1. Blend cream cheese and powdered sugar until smooth with no lumps, I used my Kitchenaid stand-mixer.

2. Gradually mix in the pumpkin, spices and cider until smooth.

3. refrigerate for a few hours until firmed up a bit.

4. Serve in a hollowed out “pie pumpkin” (those cute small ones you see in the grocery store) I lined mine with a plastic wrap before putting the dip in. Keep the pumpkin lid to put on the side for presentation. Serve with gingersnaps, vanilla wafers, graham crackers or sliced apples. Leftovers cold be used on bagels or a teaspoon in your coffee. Enjoy!

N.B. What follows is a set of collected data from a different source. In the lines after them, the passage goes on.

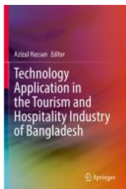
Technology Application in the Tourism and Hospitality Industry of Bangladesh Ladenpreis: 186,99EUR
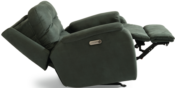
2810-51L in fabric 407-30
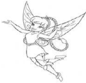
4. F _ _ _ Y
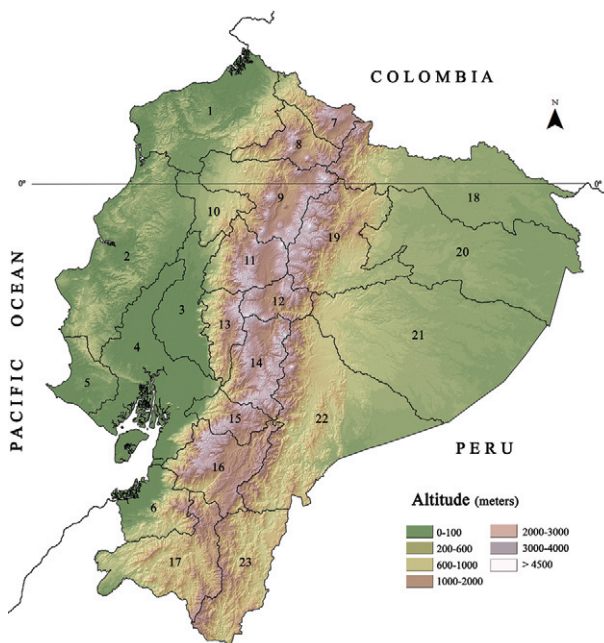
Fig. 2: map of Ecuador. The central brown Andes belt marks the Andean region. The Pacific coastal and eastern Amazon regions with tropical climate are in green. The yellow colour corresponds to the foothills of the mountains with subtropical climate. Cases of human paragonimiasis have been reported in all provinces except Galapagos Islands (not showed), Santa Elena (5), Carchi (7), Imbabura (8) and Tungurahua (12). The total country's area is 283,560 km 2 . According to 2010 census, there is a total population of 14,483,499 of which 7,236,822 live in the coastal region, 6,449,355 in the Andean, 739,814 in the Amazon and the rest in the Galapagos Islands (INEC 2010). 1: Esmeraldas; 2: Manabí; 3: Los Ríos; 4: Guayas; 6: El Oro; 9: Pichincha; 10: Santo Domingo de los Tsáchilas; 11: Cotopaxi; 13: Bolívar; 14: Chimborazo; 15: Cañar; 16: Azuay; 17: Loja; 18: Sucumbios; 19: Napo; 20: Orellana; 21: Pastaza; 22: Morona Santiago; 23: Zamora Chinchipe.

Life cycle - The parasite - Prior to 1971, it was believed that the infectious Paragonimus species in Ecuador was Paragonimus westermani (Rodríguez 1963).
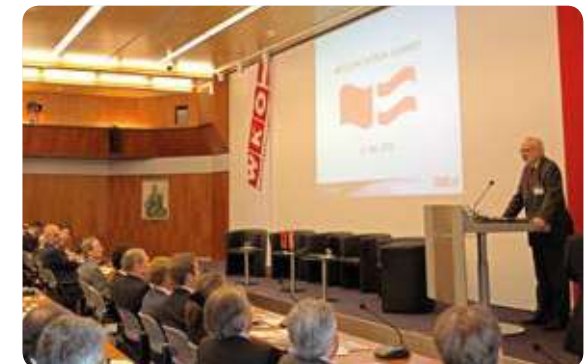
Dr. Erhard Busek, President of Vienna Economic Forum addressing the audience
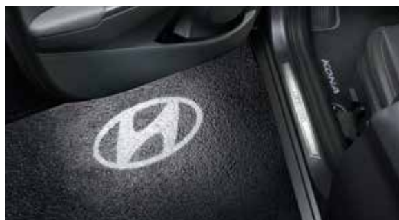
LED door projectors, Hyundai logo

J9651ADE00 (additional LED connection kit not required)
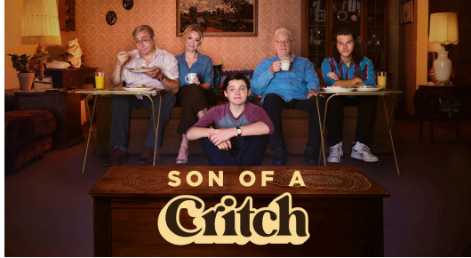
Son of a Critch , CBC's flagship TV production in the region is the most-watched Canadian comedy series in Canada
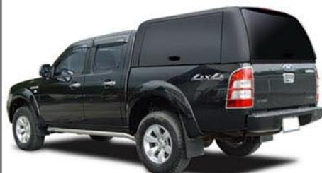
WORKSTYLE SOLID SIDE
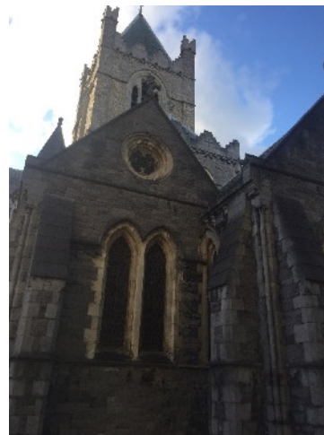
Bell tower of Christ Church Cathedral. Photo October 2018

One of my favorite places to visit in Dublin is Christ Church Cathedral, dating back to the eleventh century. It is located near the Wood Quay on the River Liffey in what was the heart of Viking and then Medieval Dublin. While not as celebrated as nearby St. Patrick Cathedral, which was built later, it nonetheless serves as the Seat of the Catholic Bishop of Dublin at least in name, through it is controlled by the Church of Ireland and serves simultaneously as the Seat of the Archbishop of Ireland of the diocese of Glenadalough and Dublin. I was intrigued upon visiting Christ Church the first time to find a chapel dedicated to the memory of St. Lawrence O'Toole, of whom I knew nothing at the time except for his name.
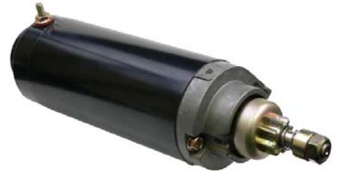
SAB0129 FOR MERCURY, 12-VOLT; CCW; 8-TOOTH; LESTER 5773; PIC 106-065; USED ON 2.5L ENGINES REPL.: 50-832997, -1, -2; 6782140-M030SM
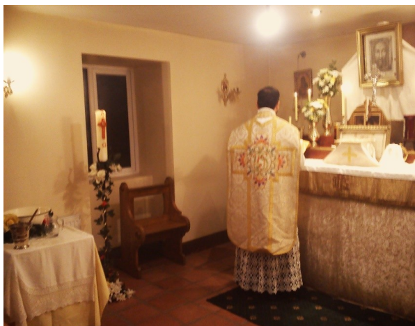
Easter Vigil Mass — 30-31 March, 2024

✓ LifeFunder : https://www.lifefunder.com/carmelitehome
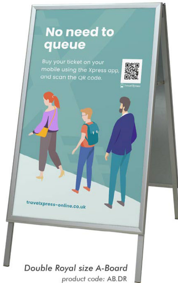
Double Royal size A-Board product code: AB.DR
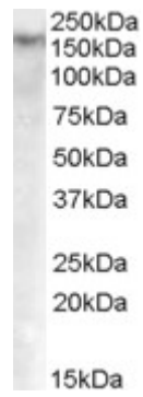
EB08317 (0.5 \mu g/ml) staining of Jurkat cell lysate (35 \mu g protein in RIPA buffer). Detected by chemiluminescence.
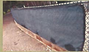
Polliwog Park Dog Run About 25' x 200' "Off Leash"
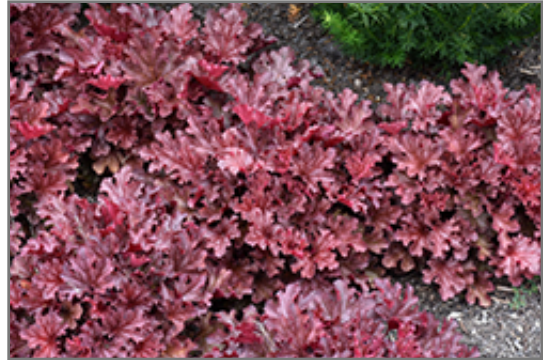
Ruby Tuesday Coral Bells

Ruby Tuesday Coral Bells is recommended for the following landscape applications;
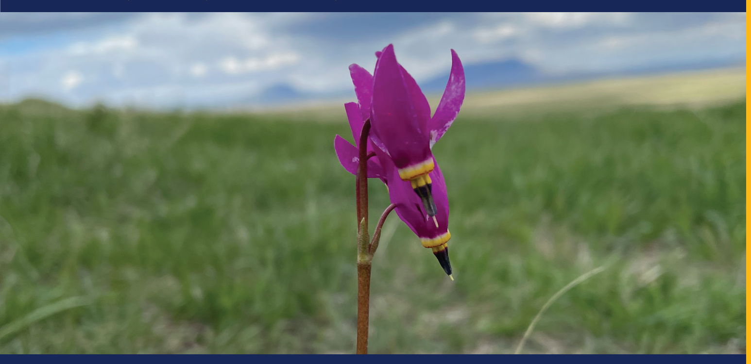
Shooting Star with Square Butte in the background by Jerry Marquardt.

PO Box 427 | 406-566-2277 | judithbasin@montana.edu | judithbasin.msuextension.org
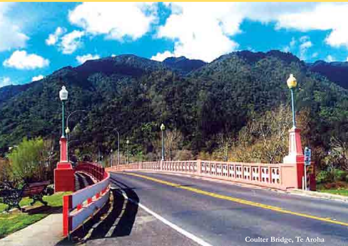
Coulter Bridge, Te Aroha
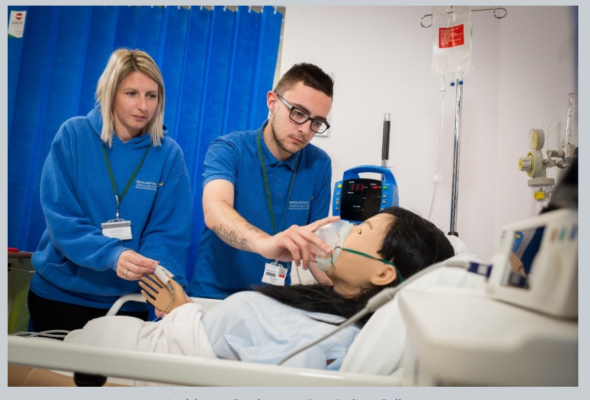
Healthcare Students at East Riding College

Adapted from http://allrecipes.com/recipe/pumpkin-dip/

Pumpkin Cinnamon Pancakes

Something about a Saturday or Sunday morning that seems to call for pancakes. Comfort food at it’s finest, who doesn’t love a steaming stack of pancakes filled with gooey chocolate chips or bursting blueberries and topped with warm maple syrup? I love pancakes of all types and have over the years devised a lower-fat, healthy version that my family enjoys. This recipe does include some pre-made mixes, you can certainly make your own homemade pancake mix, but this is a time saver step for me, a little “semi-homemade.” After all, who has time to create EVERYTHING from scratch?!?! Not me :)

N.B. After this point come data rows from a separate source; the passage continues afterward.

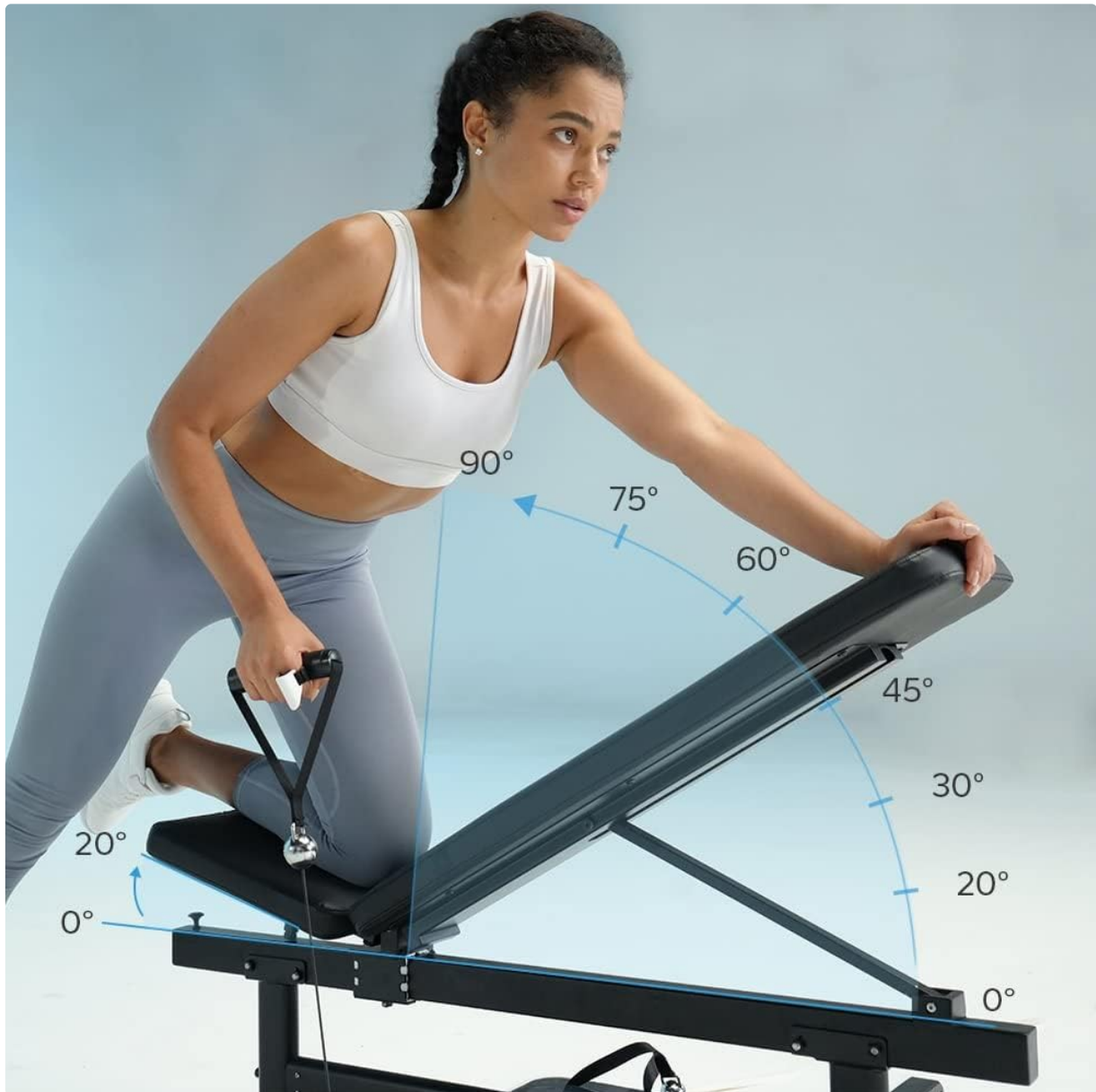
Figure 5.1: Visual representation of the adjustable backrest and seat angles, showing a user in an inclined position.
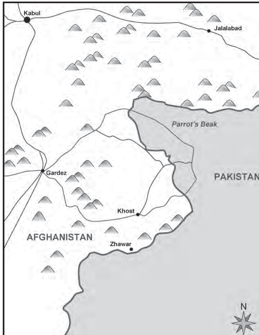
MAP 4. PARROT'S BEAK REGION ON AFGHANISTAN / PAKISTAN BORDER.

guerillas. Tactics included carpet bombing of agricultural regions and wholesale destruction of villages. The Soviets have created a 30-mile deep no-man's-land on the border with Pakistan. This has led to widespread food shortages and destroyed the guerillas' infrastructure in many regions. Soviet commando operations and air strikes against guerrilla caravans bringing in CIA-provided military supplies have forced
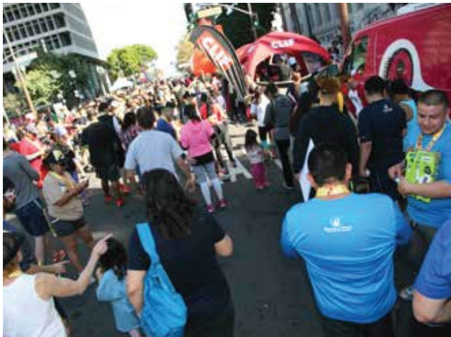
ON SITE ACTIVATIONS AT EVENT FESTIVAL
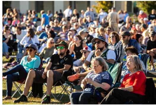
A crowd of people seated in lawn chairs watches a band perform at an outdoor concert.

I can find many drink options by the Beverage Tent (yellow flag), or I can bring in my own drink, but there are no alcohol carry-ins allowed.
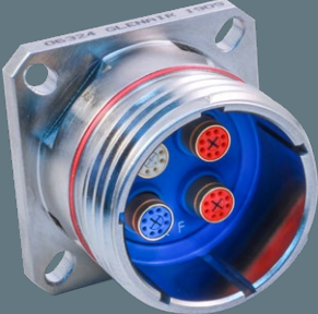
Ultra-light weight Octaxial contacts for 10Gb data transfer per contact
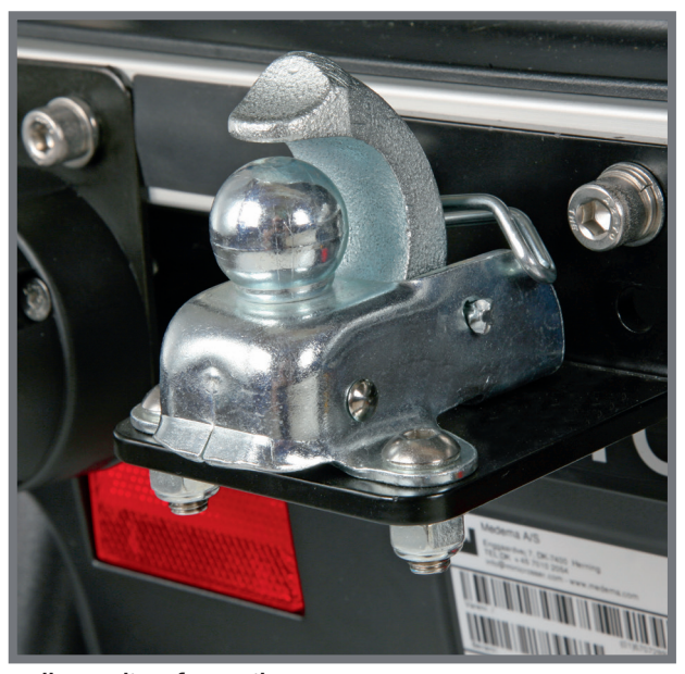
Ball coupling for trailer
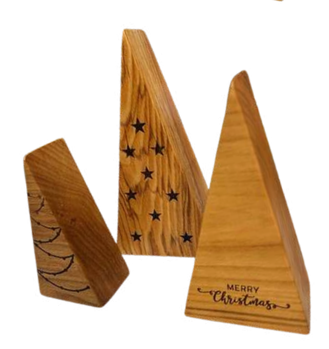
Trio of English hardwood laser etched Christmas trees. SAWNBY SARAH

This is a variation I have created for fall, enjoy with a pumpkin spice latte!

Cinnamon Pumpkin Pancakes

Ingredients include:

1 single serving packet of reduced sugar, brown sugar flavor oatmeal

1 small handful of whole rolled oats, for extra texture

1 cup of water

1 cup Heart Healthy Bisquick

1 cup Aunt Jemima Whole Wheat Pancake Mix

1 cup canned pumpkin puree

1 tsp cinnamon

1 egg

1 1/2 cups of skim milk

Special add-ins include: semi-sweet chocolate chips (a great combo and necessity with the pumpkin i think), golden raisins or dried cranberries

Begin by using a microwave-proof bowl (pyrex-type), add oatmeal packet, rolled oats and water. Microwave for a minute or so until oatmeal is cooked. Blend remainder of ingredients. Cooked on lightly greased (cooking spray) griddle. These pancakes are moist and thick and therefore need to cook long enough not to turn out doughy in the middle.

Enjoy with warm, 100% real maple syrup. After being raised on the artificial syrups, I switched to the real deal a few years ago and will not turn back. A little goes a long way and you get what you get. 100% pure maple syrup, no additives or chemicals.

Makes 12 pancakes, which would be 3 points per (plain) pancake.